START DATA EXTRACTS
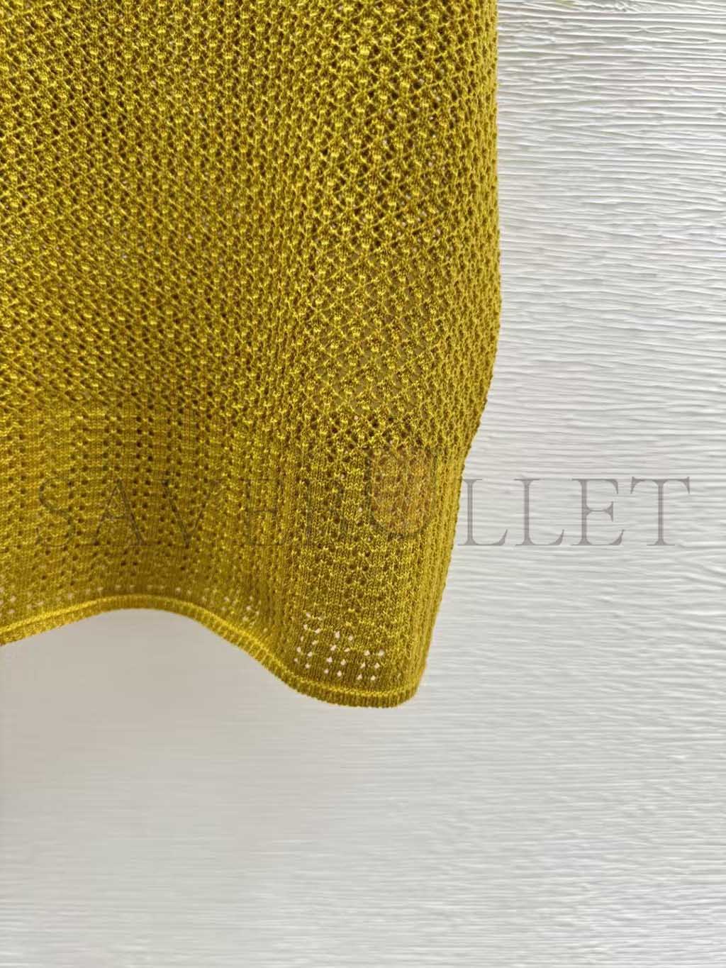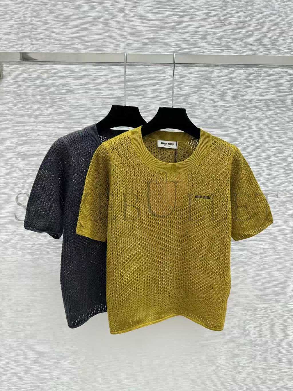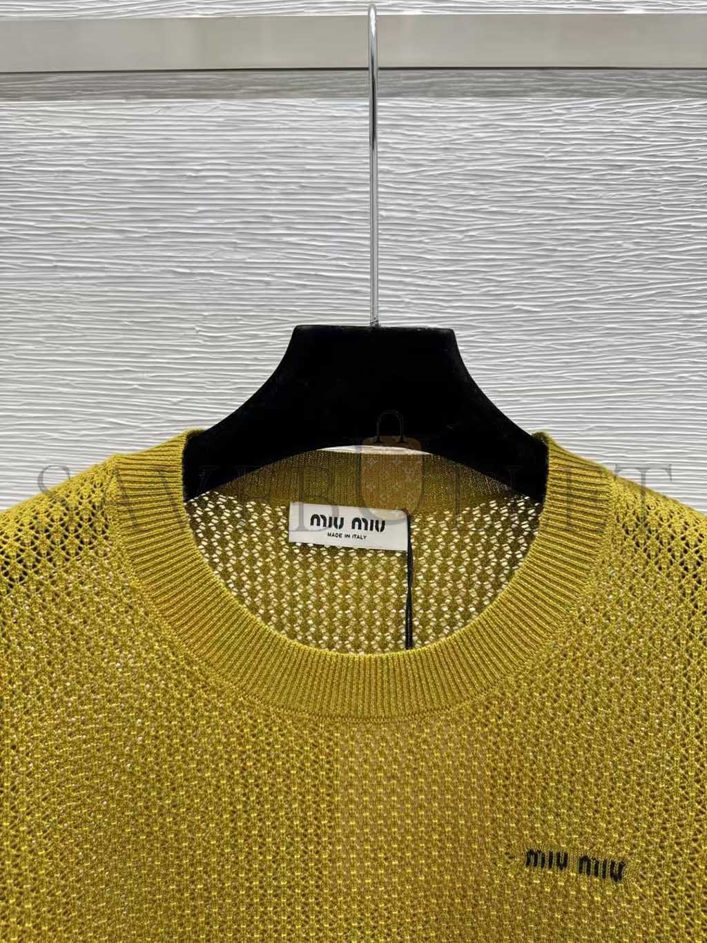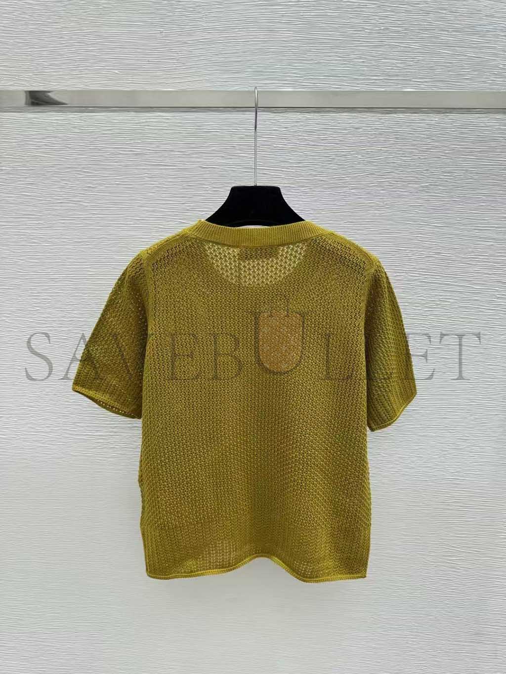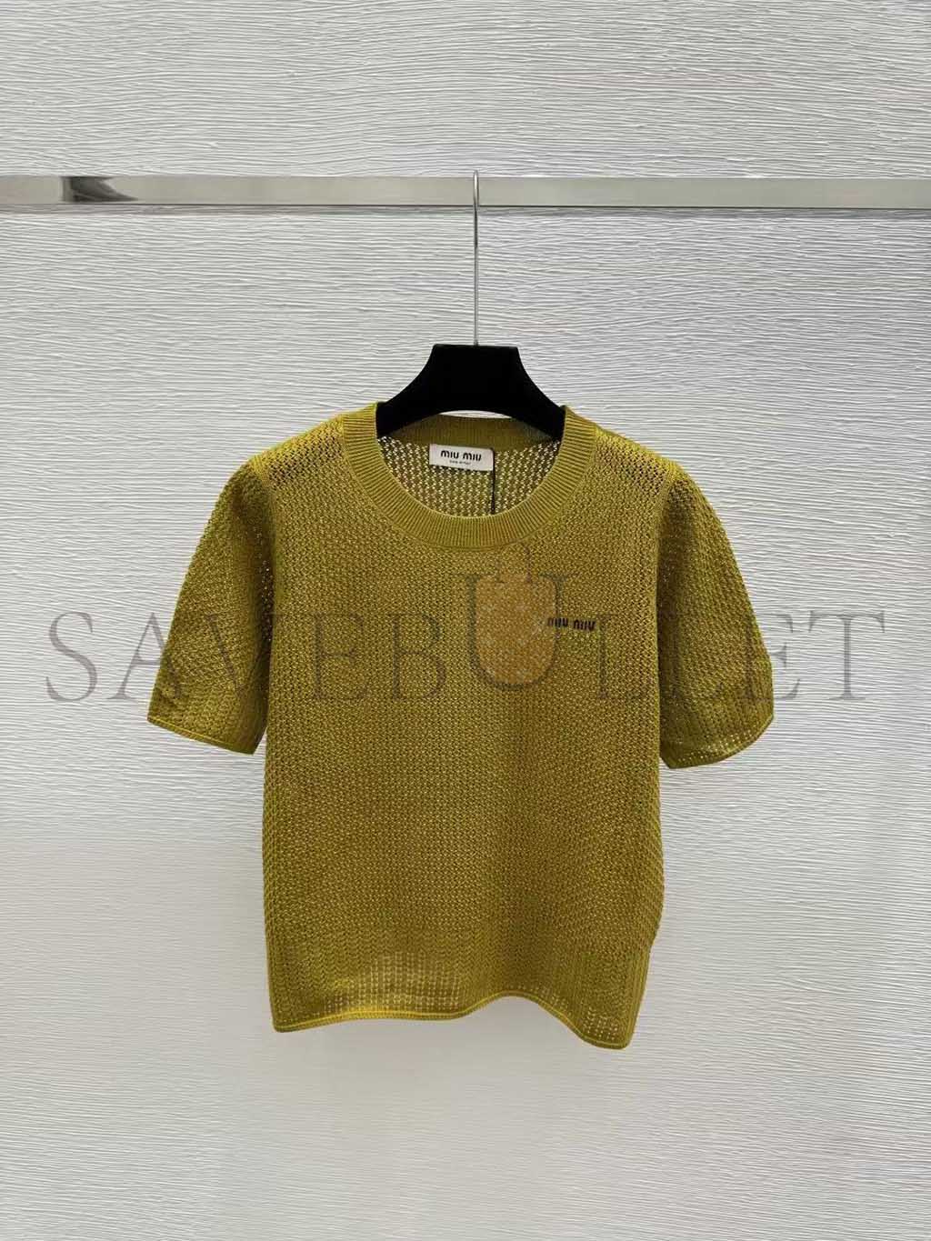 MIU MIU OLIVE GREEN OPENWORK SHORT-SLEEVED KNIT SWEATER
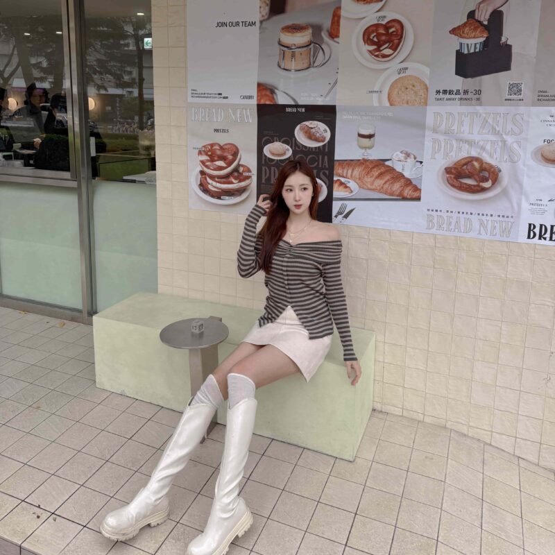 一字領翻領設計 黑白條紋和卡其咖撞色 韓系氣質氛圍 自帶腰身下擺開岔無敵顯瘦 質感坑條面料高彈力超舒適
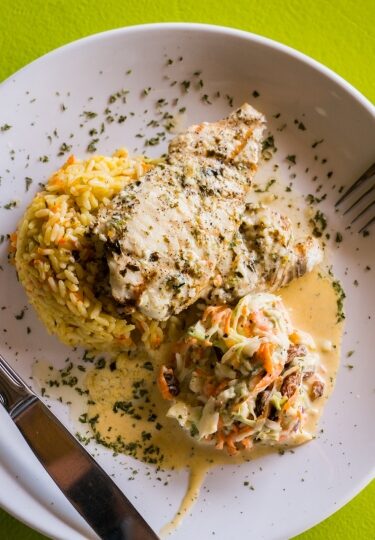 Be aware that smaller dorade has a lot of bones, so it’s maybe better to share a larger fish. It’s usually served with rice, potato fries, or a simple salad.
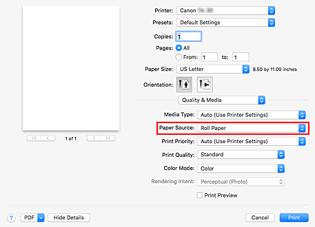 Выберите значение Рулон бумаги (Roll Paper) для параметра Источник бумаги (Paper Source).
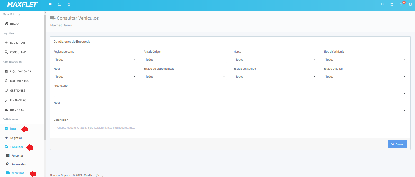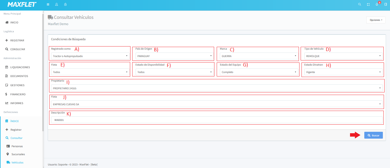 Todos:Tractor:Carreta:B)País de Origen: Incluirá solo el país de origen seleccionado C)Marca: Buscar por un tipo de marca del vehículo D)Tipo de Vehículo: Por tipo de vehículoE)Flota:Todos:Propios: Camiones propiosTerceros: Camiones de terceros F)Estado de Disponibilidad: Seleccionar el estado del camión, activo, en mantenimiento..etc. G)Estado del Equipo: Puede ser con chofer, sin chofer,o algunas de las opcionesH)Estado de Dinatran: Por ej.:vencidos, vigentes, y otrosI)Propietario: Esta opcion pemite buscar todas los vehículos de un propietarioJ)Flota: La empresa que habilita el transito internacionalI)Descripción: En este campo podemos escribir una fracción de la descripción a buscar
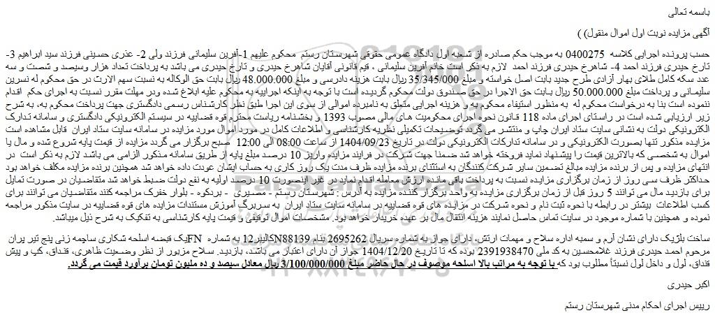 حسب پرونده اجرایی کلاسه 0400275 به موجب حکم صادره از شعبه اول دادگاه عمومی حقوقی شهرستان رستم محکوم علیهم 1-آفرین سلیمانی فرزند ولی 2- عذری حسینی فرزند سید ابراهیم 3- تارخ حیدری فرزند احمد 4- شاهرخ حیدری فرزند احمد لازم به ذکر است خانم آفرین سلیمانی ، قیم قانونی آقایان شاهرخ حیدری و تارخ حیدری می باشد به پرداخت تعداد هزار وسیصد و شصت و سه عدد سکه کامل طلای بهار آزادی طرح جدید بابت اصل خواسته و مبلغ 35/345/000 ریال بابت هزینه دادرسی و مبلغ 48.000.000 ریال بابت حق الوکاله به نسبت سهم الارث در حق محکوم له نسرین سلیمانی و پرداخت مبلغ 50.000.000 ریال بابت حق الاجرا در حق صندوق دولت محکوم گردیده است با توجه به اینکه اجراییه به محکوم علیه ابلاغ شده ودر مهلت مقرر نسبت به اجرای حکم اقدام ننموده است بنا به درخواست محکوم له به منظور استیفاء محکوم به و هزینه اجرایی متعلق به نامبرده اموالی از سوی این اجرا طبق نظر کارشناس رسمی دادگستری جهت پرداخت محکوم به، به شرح زیر ارزیابی شده است در راستای اجرای ماده 118 قانون نحوه اجرای محکومیت های مالی مصوب 1393 و بخشنامه ریاست محترم قوه قضاییه در سیستم الکترونیکی دادگستری و سامانه تدارک الکترونیکی دولت به نشانی سایت ستاد ایران چاپ و منتشر می گردد توضیحات تکمیلی نظریه کارشناسی و اطلاعات کامل در مورد اموال مورد مزایده در سامانه سایت ستاد ایران قابل مشاهده است مزایده مذکور تنها بصورت الکترونیکی و در سامانه تدارکات الکترونیکی دولت در تاریخ 1404/09/23 از ساعت 08:00 الی 12:00 صبح برگزار می گردد مزایده از قیمت پایه شروع شده و مال یا اموال به شخصی که بالاترین قیمت را پیشنهاد نماید فروخته خواهد شد ضمنا جهت شرکت در فرایند مزایده واریز 10 درصد مبلغ پایه از طریق سامانه مذکور الزامی می باشد لازم به ذکر است در انتهای مزایده و پس از برنده مزایده مبالغ تضمین سایر شرکت کنندگان به استثنای برنده مزایده ظرف مدت یک روز کاری به حساب ایشان عودت داده خواهد شد همچنین برنده مزایده مکلف خواهد بود حداکثر ظرف سی روز از زمان برگزاری مزایده نسبت به پرداخت باقی مانده ارزش معامله اقدام نماید در غیر اینصورت 10 درصد اولیه به نفع دولت ضبط خواهد شد متقاضیان در صورت تمایل برای بازدید مال می توانند 5 روز قبل از زمان برگزاری مزایده به واحد برگزار کننده مزایده به آدرس : شهرستان رستم - مصیری - بردکوه - بلوار خفرک مراجعه کنند متقاضیان می توانند برای کسب اطلاعات بیشتر در رابطه با نحوه ثبت نام و نحوه شرکت در مزایده های قوه قضاییه در سامانه سایت ستاد ایران به سربرگ آموزش مستندات مزایده های قوه قضاییه در سایت مذکور مراجعه نموده و همچنین با شماره موجود در سایت تماس حاصل نمایند هزینه انتقال مال بر عهده خریدار خواهد بود. مشخصات اموال توقیفی و قیمت پایه کارشناسی به تفکیک به شرح ذیل میباشد.
END DATA EXTRACTS
## PROBLEM TO SOLVE
Restate each entry word for word, please, but drop any images it holds.

## WRITTEN SOLUTION
 MIU MIU OLIVE GREEN OPENWORK SHORT-SLEEVED KNIT SWEATER
 一字領翻領設計 黑白條紋和卡其咖撞色 韓系氣質氛圍 自帶腰身下擺開岔無敵顯瘦 質感坑條面料高彈力超舒適
 Be aware that smaller dorade has a lot of bones, so it’s maybe better to share a larger fish. It’s usually served with rice, potato fries, or a simple salad.
 Выберите значение Рулон бумаги (Roll Paper) для параметра Источник бумаги (Paper Source).
 Todos:Tractor:Carreta:B)País de Origen: Incluirá solo el país de origen seleccionado C)Marca: Buscar por un tipo de marca del vehículo D)Tipo de Vehículo: Por tipo de vehículoE)Flota:Todos:Propios: Camiones propiosTerceros: Camiones de terceros F)Estado de Disponibilidad: Seleccionar el estado del camión, activo, en mantenimiento..etc. G)Estado del Equipo: Puede ser con chofer, sin chofer,o algunas de las opcionesH)Estado de Dinatran: Por ej.:vencidos, vigentes, y otrosI)Propietario: Esta opcion pemite buscar todas los vehículos de un propietarioJ)Flota: La empresa que habilita el transito internacionalI)Descripción: En este campo podemos escribir una fracción de la descripción a buscar
 حسب پرونده اجرایی کلاسه 0400275 به موجب حکم صادره از شعبه اول دادگاه عمومی حقوقی شهرستان رستم محکوم علیهم 1-آفرین سلیمانی فرزند ولی 2- عذری حسینی فرزند سید ابراهیم 3- تارخ حیدری فرزند احمد 4- شاهرخ حیدری فرزند احمد لازم به ذکر است خانم آفرین سلیمانی ، قیم قانونی آقایان شاهرخ حیدری و تارخ حیدری می باشد به پرداخت تعداد هزار وسیصد و شصت و سه عدد سکه کامل طلای بهار آزادی طرح جدید بابت اصل خواسته و مبلغ 35/345/000 ریال بابت هزینه دادرسی و مبلغ 48.000.000 ریال بابت حق الوکاله به نسبت سهم الارث در حق محکوم له نسرین سلیمانی و پرداخت مبلغ 50.000.000 ریال بابت حق الاجرا در حق صندوق دولت محکوم گردیده است با توجه به اینکه اجراییه به محکوم علیه ابلاغ شده ودر مهلت مقرر نسبت به اجرای حکم اقدام ننموده است بنا به درخواست محکوم له به منظور استیفاء محکوم به و هزینه اجرایی متعلق به نامبرده اموالی از سوی این اجرا طبق نظر کارشناس رسمی دادگستری جهت پرداخت محکوم به، به شرح زیر ارزیابی شده است در راستای اجرای ماده 118 قانون نحوه اجرای محکومیت های مالی مصوب 1393 و بخشنامه ریاست محترم قوه قضاییه در سیستم الکترونیکی دادگستری و سامانه تدارک الکترونیکی دولت به نشانی سایت ستاد ایران چاپ و منتشر می گردد توضیحات تکمیلی نظریه کارشناسی و اطلاعات کامل در مورد اموال مورد مزایده در سامانه سایت ستاد ایران قابل مشاهده است مزایده مذکور تنها بصورت الکترونیکی و در سامانه تدارکات الکترونیکی دولت در تاریخ 1404/09/23 از ساعت 08:00 الی 12:00 صبح برگزار می گردد مزایده از قیمت پایه شروع شده و مال یا اموال به شخصی که بالاترین قیمت را پیشنهاد نماید فروخته خواهد شد ضمنا جهت شرکت در فرایند مزایده واریز 10 درصد مبلغ پایه از طریق سامانه مذکور الزامی می باشد لازم به ذکر است در انتهای مزایده و پس از برنده مزایده مبالغ تضمین سایر شرکت کنندگان به استثنای برنده مزایده ظرف مدت یک روز کاری به حساب ایشان عودت داده خواهد شد همچنین برنده مزایده مکلف خواهد بود حداکثر ظرف سی روز از زمان برگزاری مزایده نسبت به پرداخت باقی مانده ارزش معامله اقدام نماید در غیر اینصورت 10 درصد اولیه به نفع دولت ضبط خواهد شد متقاضیان در صورت تمایل برای بازدید مال می توانند 5 روز قبل از زمان برگزاری مزایده به واحد برگزار کننده مزایده به آدرس : شهرستان رستم - مصیری - بردکوه - بلوار خفرک مراجعه کنند متقاضیان می توانند برای کسب اطلاعات بیشتر در رابطه با نحوه ثبت نام و نحوه شرکت در مزایده های قوه قضاییه در سامانه سایت ستاد ایران به سربرگ آموزش مستندات مزایده های قوه قضاییه در سایت مذکور مراجعه نموده و همچنین با شماره موجود در سایت تماس حاصل نمایند هزینه انتقال مال بر عهده خریدار خواهد بود. مشخصات اموال توقیفی و قیمت پایه کارشناسی به تفکیک به شرح ذیل میباشد.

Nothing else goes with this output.